Affects: page-size-markdown, markdown-code-fence-validity, markdown-content-parity

These checks measure the quality of the markdown path. But if agents can't discover that path, the quality is irrelevant. The coefficient reflects how discoverable your markdown is:

Condition Coefficient Why
Content negotiation passes 1.0 Agents get markdown automatically; no decision involved.
llms.txt directive passes 0.8 Effective, but agents sometimes ignore the directive.
llms.txt links use .md URLs 0.5 Agents must find llms.txt first, then follow .md links from it.
None of the above 0.0 Agents won't find the markdown path. Check is excluded from score.

If multiple conditions are met, the highest coefficient applies.

markdown-url-support is intentionally excluded from this coefficient. It measures whether the capability exists, not the quality of an established path. A site should get credit for serving markdown; the discovery coefficient only applies to the downstream quality checks.

HTML path coefficient

Affects: page-size-html, content-start-position, tabbed-content-serialization, section-header-quality

If pages are SPA shells, measuring HTML quality is meaningless. This coefficient equals the rendering-strategy check's proportion: if 90% of pages render correctly, these checks count for 90% of their weight.

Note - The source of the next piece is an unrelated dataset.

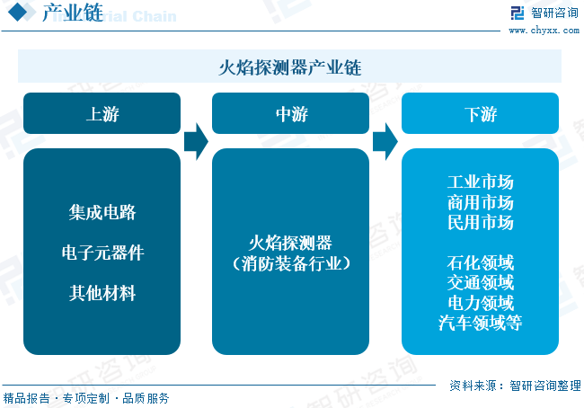 火焰探测器行业产业链上游主要为集成电路、电子元器件等,行业上游电子元器件、集成电路等领域供应材料的效率、质量和价格,一定程度上影响了火焰探测器的交货周期、产品质量和价格竞争力。火焰探测器可应用于需要快速检测明火发生的场景,下游应用行业(及主要应用场景)包括石油石化(油库、管线)、交通(公路隧道、地铁、机场)、市政设施(地下管廊)、电力(换流站、变压器、风力发电设备)、汽车(生产车间)、食品(酒窖酒库)等,产品市场空间较为广阔。特别是军工、半导体等行业的快速发展和安全防范要求提高,对性能质量更好的高端火焰探测器的需求也在不断提升。

Index truncation coefficient

Affects: llms-txt-links-resolve, llms-txt-valid, llms-txt-freshness, llms-txt-links-markdown

If your llms.txt is truncated, agents only see part of the index. Measuring the quality of the invisible portion doesn't reflect agent experience.

Condition Coefficient
llms-txt-size passes 1.0
llms-txt-size warns (50K–100K) 0.8
llms-txt-size fails (>100K) Proportional to visible fraction (e.g., 200K file ≈ 0.5)

How coefficients combine

When a check is subject to multiple coefficients, they multiply together. Both the check's score and its weight in the denominator are scaled by the same coefficients, so a discounted check contributes proportionally less to the overall score rather than dragging it down.

In the current scoring version, the three coefficient groups apply to disjoint sets of checks, so no check has more than one coefficient.


Weights, coefficients, and thresholds in this document reflect observed agent behavior as of early 2026 and will evolve as agent tooling changes. The Agent-Friendly Docs Spec is the authoritative reference for what each check measures and why.